Spaces:

luuow
/

photon-route

Running

File size: 6,119 Bytes

"""Fetch arxiv abstracts on demand, verify against the frozen manifest.

The repo deliberately does not commit abstract text — see project memory
(no_arxiv_storage). Only IDs + SHA-256 hashes are versioned. Runners
fetch text at eval time and abort on hash mismatch so retrieval numbers
remain reproducible against the exact snapshot.

Cache layout: $PHOTON_EVAL_CACHE (default ~/.cache/photon-route/eval/),
one .txt file per arxiv ID. The cache is content-addressed implicitly:
manifest.hashes[id] is the authoritative SHA-256.

Network: scrapes the og:description meta tag from arxiv.org/abs/<id>
HTML pages (CDN-cached via Google Frontend, no per-IP rate limit in
practice). The official export.arxiv.org/api endpoint is rate-limited
to ~1 req / 3s and easily 429s during eval runs, so it isn't used.
A browser-like User-Agent is required: arxiv.org returns HTTP 406 to
non-browser UAs from datacenter IPs (caught HF Space build failure
2026-05-05).
"""

from __future__ import annotations

import hashlib
import html
import json
import os
import re
import time
import urllib.parse
import urllib.request
from pathlib import Path
from typing import Iterable

ARXIV_ABS = "https://arxiv.org/abs/"
DEFAULT_CACHE = Path(os.environ.get("PHOTON_EVAL_CACHE", str(Path.home() / ".cache/photon-route/eval")))
_OG_DESC = re.compile(
    r'<meta\s+(?:property|name)="og:description"\s+content="([^"]*)"',
    re.IGNORECASE,
)


def _normalize(text: str) -> str:
    return re.sub(r"\s+", " ", text).strip()


def sha256_text(text: str) -> str:
    return hashlib.sha256(text.encode("utf-8")).hexdigest()


_BROWSER_HEADERS = {
    "User-Agent": (
        "Mozilla/5.0 (X11; Linux x86_64) AppleWebKit/537.36 "
        "(KHTML, like Gecko) Chrome/124.0.0.0 Safari/537.36"
    ),
    "Accept": "text/html,application/xhtml+xml,application/xml;q=0.9,*/*;q=0.8",
    "Accept-Language": "en-US,en;q=0.9",
}


def _fetch_one(arxiv_id: str, timeout: float = 30.0, max_retries: int = 4) -> str:
    """Fetch one abstract via abs-page scrape.
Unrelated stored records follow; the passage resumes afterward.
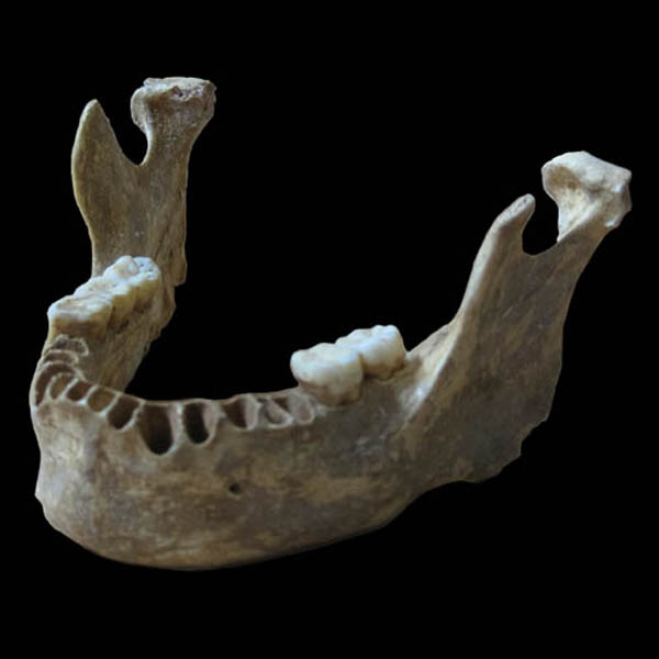 图1 罗马尼亚洞穴中的一早期现代人下颌骨Oase1,碳十四直接测年的校正年代距今约3.7万年-4.2万年,是目前欧洲最早的有直接测年的早期现代人(付巧妹供图)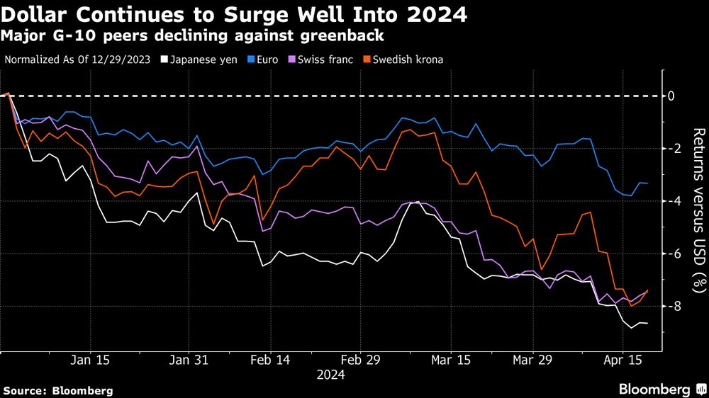 Bloomberg — Los mercados financieros mundiales están enfrentando una fuerza en la que no apostaron para 2024: el dólar fuerte está de vuelta y parece que se quedará.
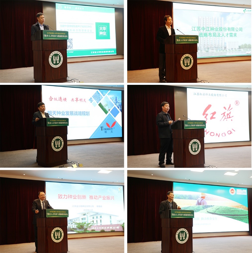 论坛第二阶段进行了企业家宣讲和面对面交流。江苏省大华种业集团有限公司总经理陈付祥作了题为《拥抱优质发展平台,不负青春大好芳华》的报告,江苏中江种业股份有限公司总经理蒋红云作了题为《江苏中江种业股份有限公司战略布局及人才需求》的报告,江苏明天种业科技股份有限公司总经理严辉民作了题为《合纵连横,共享明天——明天种业发展战略规划》的报告,江苏红旗种业股份有限公司总经理查联群作了题为《校企合作,共赢未来》的报告,江苏金土地种业有限公司总经理杨德祯作了题为《致力种业创新,推动产业振兴》的报告,江苏神农大丰种业科技有限公司副董事长何其所作了题为《坚定科技创新,助力粮食安全》的报告。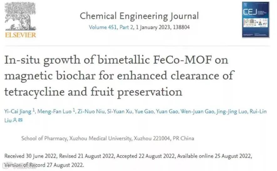 徐州医科大学本科生团队在化学工程领域国际顶级期刊《Chemical Engineering Journal》(中科院一区TOP期刊,IF 16.744)上发表了题为“In-situ growth of bimetallic FeCo-MOF on magnetic biochar for enhanced clearance of tetracycline and fruit preservation”的最新研究成果。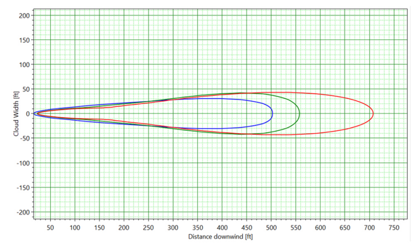 圖2. 最壞情況下水平釋放情景的隔離區(qū)評估示例。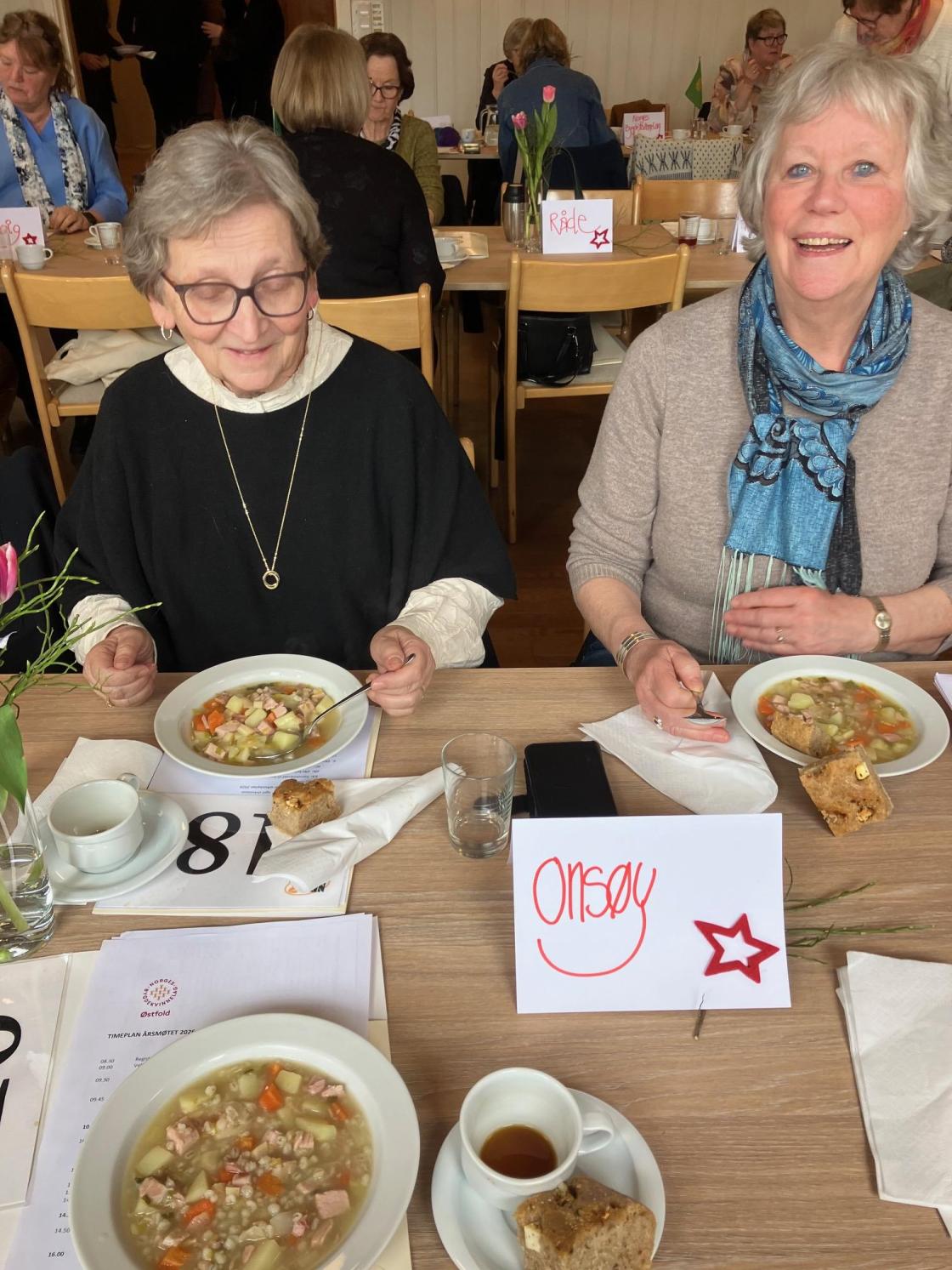 Årets årsmøte i fylkeslaget ble arrangert på Fossnes Grendehus i Hobøl lørdag 7.mars og vertskapet var Hobøls tre lokallag: Tomter, Øvre Hobøl og Ytre Hobøl Bygdekvinnelag. Delegater fra Onsøy Bygdekvinnelag var June Vallestrand, Annemiek Forsetlund og May Britt Bischof, og årsmøte ble gjennomført på tradisjonelt vis. Generaldebatten gikk rolig for seg uten konfrontasjoner og høy temperatur, og Barbro Kvaal fra Marker tok gjenvalg som leder. Noe mange av oss er opptatt av på årsmøter er serveringen, og vi ble ikke skuffet. Til frokost ble vi servert svarthavregrøt og det er en næringsrik og smaksrik grøt laget av det norske urkornet svarthavre, og i 2025 var det en nordmann som vant VM i grøtlaging med denne oppskriften. Dette hadde vært noe og servert elevene på Slevik Skole. Til lunsj ble det også servert deilig norsk tradisjonsmat, nemlig «Betasuppe» med gode norske grønnsaker, kjøtt og byggryn. Det ble en hyggelig dag hvor man også fikk tid i pausene til å mingle litt med likesinnede.
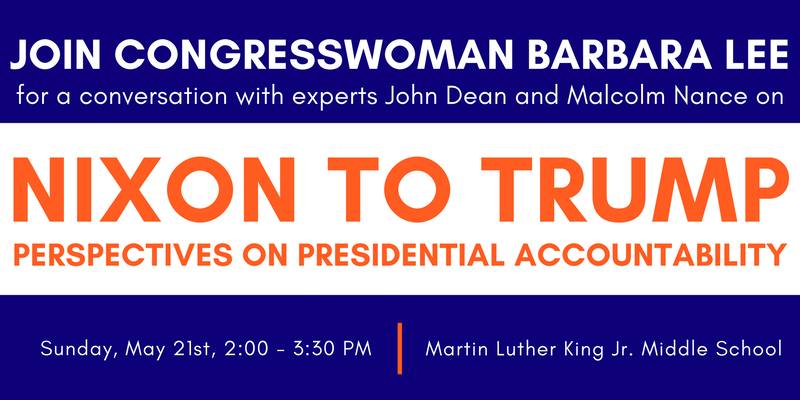 Congresswoman Barbara Lee hosted a town hall discussion on Sunday, May 21, at Martin Luther King Jr Middle School in Berkeley. The panel discussion, entitled “From Nixon to Trump: Perspectives on Presidential Accountability” featured John Dean and Malcolm Nance.

Returns normalized abstract text."""
    url = ARXIV_ABS + arxiv_id
    req = urllib.request.Request(url, headers=_BROWSER_HEADERS)
    delay = 2.0
    last_err: Exception | None = None
    for attempt in range(max_retries):
        try:
            with urllib.request.urlopen(req, timeout=timeout) as resp:
                body = resp.read().decode("utf-8", errors="replace")
            break
        except (urllib.error.HTTPError, urllib.error.URLError, TimeoutError) as e:
            last_err = e
            if attempt + 1 < max_retries:
                time.sleep(delay)
                delay = min(delay * 2, 32.0)
                continue
            raise last_err  # type: ignore[misc]
    m = _OG_DESC.search(body)
    if not m:
        raise RuntimeError(f"og:description not found for {arxiv_id}")
    raw = html.unescape(m.group(1))
    return _normalize(raw)


def fetch_all(
    ids: Iterable[str],
    cache_dir: Path | None = None,
    sleep_between: float = 0.5,
) -> dict[str, str]:
    """Return {id: abstract}. Cached entries are read from disk; missing ones
    are scraped one by one from arxiv.org/abs/<id> with a small delay so we
    don't hammer the CDN."""
    cache_dir = cache_dir or DEFAULT_CACHE
    cache_dir.mkdir(parents=True, exist_ok=True)
    ids = list(ids)
    out: dict[str, str] = {}
    missing: list[str] = []
    for i in ids:
        p = cache_dir / f"{i}.txt"
        if p.exists():
            out[i] = p.read_text("utf-8")
        else:
            missing.append(i)
    for j, arxiv_id in enumerate(missing):
        text = _fetch_one(arxiv_id)
        (cache_dir / f"{arxiv_id}.txt").write_text(text, encoding="utf-8")
        out[arxiv_id] = text
        if j + 1 < len(missing):
            time.sleep(sleep_between)
    return out


def verify_against_manifest(
    abstracts: dict[str, str], manifest_path: Path
) -> dict[str, str]:
    """Returns {} on success, or {id: actual_hash} for mismatches."""
    manifest = json.loads(manifest_path.read_text("utf-8"))
    expected = manifest.get("hashes", {})
    if not expected:
        return {}
    bad: dict[str, str] = {}
    for arxiv_id, text in abstracts.items():
        actual = sha256_text(text)
        if expected.get(arxiv_id) != actual:
            bad[arxiv_id] = actual
    return bad


def freeze_manifest(
    abstracts: dict[str, str],
    manifest_path: Path,
    source_url: str = ARXIV_ABS,
) -> None:
    """Write a fresh manifest; intended to be run once to lock the snapshot."""
    payload = {
        "schema_version": 1,
        "description": json.loads(manifest_path.read_text("utf-8")).get(
            "description", ""
        ) if manifest_path.exists() else "",
        "snapshot_taken_at": time.strftime("%Y-%m-%dT%H:%M:%SZ", time.gmtime()),
        "snapshot_source": source_url,
        "hash_algo": "sha256",
        "hashes": {k: sha256_text(v) for k, v in sorted(abstracts.items())},
    }
    manifest_path.write_text(json.dumps(payload, indent=2) + "\n", encoding="utf-8")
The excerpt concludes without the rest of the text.